Her Savage Scot: 1 (Highland Warriors)
Page 9
He settled more comfortably on the edge of her desk and finally she glared up at him. He grinned back. “Excellent. That means we can converse about him in comfort.”
“I have no wish to converse about him.”
“I have rarely,” Uuen said, “seen you so animated in the presence of a stranger. It fills my heart with joy and felicitation.”
Aila deepened her glare then gave up. It wasn’t worth remaining angry with Uuen because he simply failed to react. “I’m merely extending hospitality to our guests.” Just because she never had before, was quite beside the point.
Uuen raised one eyebrow in clear disbelief. Then he leaned toward her. “And has our handsome Scot confided what brings his savage band to our palace?”
“Why would he confide in me if he hasn’t in our queen?”
The monk gave a theatrical sigh, not hiding his disappointment that she had no gossip to share on that subject. “I believe they come in peace.”
She was sure they did. “It would be a wonderful thing if Pict and Scot could become allies. Surely then, together, we could eliminate the Viking threat?”
Something flared in his eyes, compassion—regret. But she didn’t want his compassion. And she had lived with regret for too long.
Somehow she knew the coming of the Scots heralded a new beginning. It wasn’t simply the attraction she felt for Connor—it was more than that. A bone-deep conviction she didn’t understand but couldn’t ignore.

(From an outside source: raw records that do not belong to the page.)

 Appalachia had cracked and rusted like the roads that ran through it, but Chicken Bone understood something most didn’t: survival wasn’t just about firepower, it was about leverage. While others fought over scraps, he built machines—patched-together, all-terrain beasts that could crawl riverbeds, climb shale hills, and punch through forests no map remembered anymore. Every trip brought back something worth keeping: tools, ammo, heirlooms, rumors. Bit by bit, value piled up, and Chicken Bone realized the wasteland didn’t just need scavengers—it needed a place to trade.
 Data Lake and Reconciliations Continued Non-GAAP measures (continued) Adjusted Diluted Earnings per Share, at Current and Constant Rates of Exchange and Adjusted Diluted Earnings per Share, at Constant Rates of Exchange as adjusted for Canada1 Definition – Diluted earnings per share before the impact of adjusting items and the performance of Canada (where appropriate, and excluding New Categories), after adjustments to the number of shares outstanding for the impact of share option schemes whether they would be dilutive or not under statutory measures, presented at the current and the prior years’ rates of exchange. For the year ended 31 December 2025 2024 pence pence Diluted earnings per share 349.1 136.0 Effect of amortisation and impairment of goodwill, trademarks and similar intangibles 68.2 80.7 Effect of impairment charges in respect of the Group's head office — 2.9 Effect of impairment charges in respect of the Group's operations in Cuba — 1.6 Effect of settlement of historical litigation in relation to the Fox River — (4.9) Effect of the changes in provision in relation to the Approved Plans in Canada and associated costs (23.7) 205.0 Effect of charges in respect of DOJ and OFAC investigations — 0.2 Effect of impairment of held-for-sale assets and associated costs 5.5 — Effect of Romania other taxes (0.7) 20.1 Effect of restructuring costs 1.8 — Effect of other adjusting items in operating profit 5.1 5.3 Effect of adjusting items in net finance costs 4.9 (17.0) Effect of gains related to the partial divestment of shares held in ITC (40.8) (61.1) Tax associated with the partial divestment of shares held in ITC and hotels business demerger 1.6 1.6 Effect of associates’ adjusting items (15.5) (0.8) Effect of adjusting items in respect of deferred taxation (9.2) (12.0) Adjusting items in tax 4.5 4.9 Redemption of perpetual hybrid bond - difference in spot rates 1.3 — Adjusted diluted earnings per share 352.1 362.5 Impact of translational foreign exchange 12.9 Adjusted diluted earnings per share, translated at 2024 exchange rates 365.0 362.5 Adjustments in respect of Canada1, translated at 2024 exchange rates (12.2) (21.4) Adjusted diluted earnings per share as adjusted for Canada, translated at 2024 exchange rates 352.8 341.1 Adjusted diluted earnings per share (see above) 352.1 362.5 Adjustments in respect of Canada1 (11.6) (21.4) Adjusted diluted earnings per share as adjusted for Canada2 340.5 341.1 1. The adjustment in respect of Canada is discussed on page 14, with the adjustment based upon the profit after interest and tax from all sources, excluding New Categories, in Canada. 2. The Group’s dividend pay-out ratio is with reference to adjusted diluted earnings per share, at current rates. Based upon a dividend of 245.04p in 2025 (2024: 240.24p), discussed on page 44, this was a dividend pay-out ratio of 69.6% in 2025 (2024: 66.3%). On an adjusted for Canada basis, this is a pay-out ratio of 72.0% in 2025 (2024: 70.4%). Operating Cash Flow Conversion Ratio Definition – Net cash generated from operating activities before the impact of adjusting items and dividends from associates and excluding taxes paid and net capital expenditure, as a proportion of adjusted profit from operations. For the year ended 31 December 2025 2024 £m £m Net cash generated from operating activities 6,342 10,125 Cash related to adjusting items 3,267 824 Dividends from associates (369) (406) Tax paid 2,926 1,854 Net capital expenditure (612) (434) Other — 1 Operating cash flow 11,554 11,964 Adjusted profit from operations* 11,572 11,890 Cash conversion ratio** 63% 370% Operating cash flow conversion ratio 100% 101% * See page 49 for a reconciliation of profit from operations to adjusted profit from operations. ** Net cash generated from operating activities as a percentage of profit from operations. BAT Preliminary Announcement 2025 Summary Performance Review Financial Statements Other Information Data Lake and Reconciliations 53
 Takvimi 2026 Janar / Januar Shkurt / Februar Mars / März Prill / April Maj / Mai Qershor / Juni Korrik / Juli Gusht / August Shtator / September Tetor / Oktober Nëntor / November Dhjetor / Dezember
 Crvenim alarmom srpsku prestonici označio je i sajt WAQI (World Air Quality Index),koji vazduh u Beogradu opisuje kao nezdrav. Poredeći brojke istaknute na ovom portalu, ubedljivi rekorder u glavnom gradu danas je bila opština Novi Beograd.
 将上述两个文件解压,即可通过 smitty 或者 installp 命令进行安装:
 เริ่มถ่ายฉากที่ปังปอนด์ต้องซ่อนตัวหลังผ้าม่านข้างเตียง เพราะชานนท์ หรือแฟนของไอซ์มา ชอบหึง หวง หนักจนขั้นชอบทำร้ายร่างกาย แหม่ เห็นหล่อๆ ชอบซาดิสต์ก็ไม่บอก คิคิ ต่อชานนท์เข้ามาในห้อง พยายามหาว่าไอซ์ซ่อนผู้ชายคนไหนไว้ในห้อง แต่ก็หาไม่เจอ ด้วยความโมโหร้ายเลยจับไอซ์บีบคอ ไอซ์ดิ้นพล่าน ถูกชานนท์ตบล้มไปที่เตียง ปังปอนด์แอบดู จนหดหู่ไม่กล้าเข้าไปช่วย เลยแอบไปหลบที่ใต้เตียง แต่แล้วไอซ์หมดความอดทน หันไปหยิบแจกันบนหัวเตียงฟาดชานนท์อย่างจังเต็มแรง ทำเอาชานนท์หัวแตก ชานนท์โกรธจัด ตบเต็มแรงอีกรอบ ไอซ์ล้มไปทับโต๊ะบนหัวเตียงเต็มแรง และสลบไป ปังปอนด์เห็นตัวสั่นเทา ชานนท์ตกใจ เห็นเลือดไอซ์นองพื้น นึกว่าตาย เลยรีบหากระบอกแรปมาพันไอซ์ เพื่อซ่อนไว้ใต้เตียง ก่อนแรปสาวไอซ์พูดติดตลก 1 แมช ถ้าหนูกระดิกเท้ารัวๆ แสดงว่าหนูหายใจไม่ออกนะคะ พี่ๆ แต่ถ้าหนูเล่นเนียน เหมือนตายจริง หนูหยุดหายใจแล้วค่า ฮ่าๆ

“What do the Scots have that we Picts covet?” Uuen appeared to consider the matter. “They live on our lands, are subject to our laws. Even if they break them with every breath they take.”
“Yes.” She knew all that was true. “But they have strength of numbers. If our warriors united, imagine how formidable we would be.”
“Hm.” A thoughtful expression creased his face. “That would be worth considering. Of course, it depends what price the Scots demand for such allegiance.”
There was no doubt in Aila’s mind. “As long as they don’t crave human sacrifice to pagan gods, any price would be worth paying.”
* * * * *
Aila found her grandmother, Brilicie, dowager queen Eilidh of Ce, in her favored eastern-facing garden. Grandmamma said if the wind was right she could smell the sea, and it reminded her of her girlhood in the neighboring kingdom of Circinn.
“Aila.” Her grandmother smiled in welcome and patted the stone bench on which she sat. She might have been approaching her sixty-fifth summer but her back was straight, her eyesight clear and mind as sharp as ever.
Aila sat and her cloak slid unhindered to pool onto the bench.
“Not cold?” Her grandmother gave her a searching look. The kind of look she hadn’t given her for years. Not since Aila had embraced the new religion to the exclusion of their old.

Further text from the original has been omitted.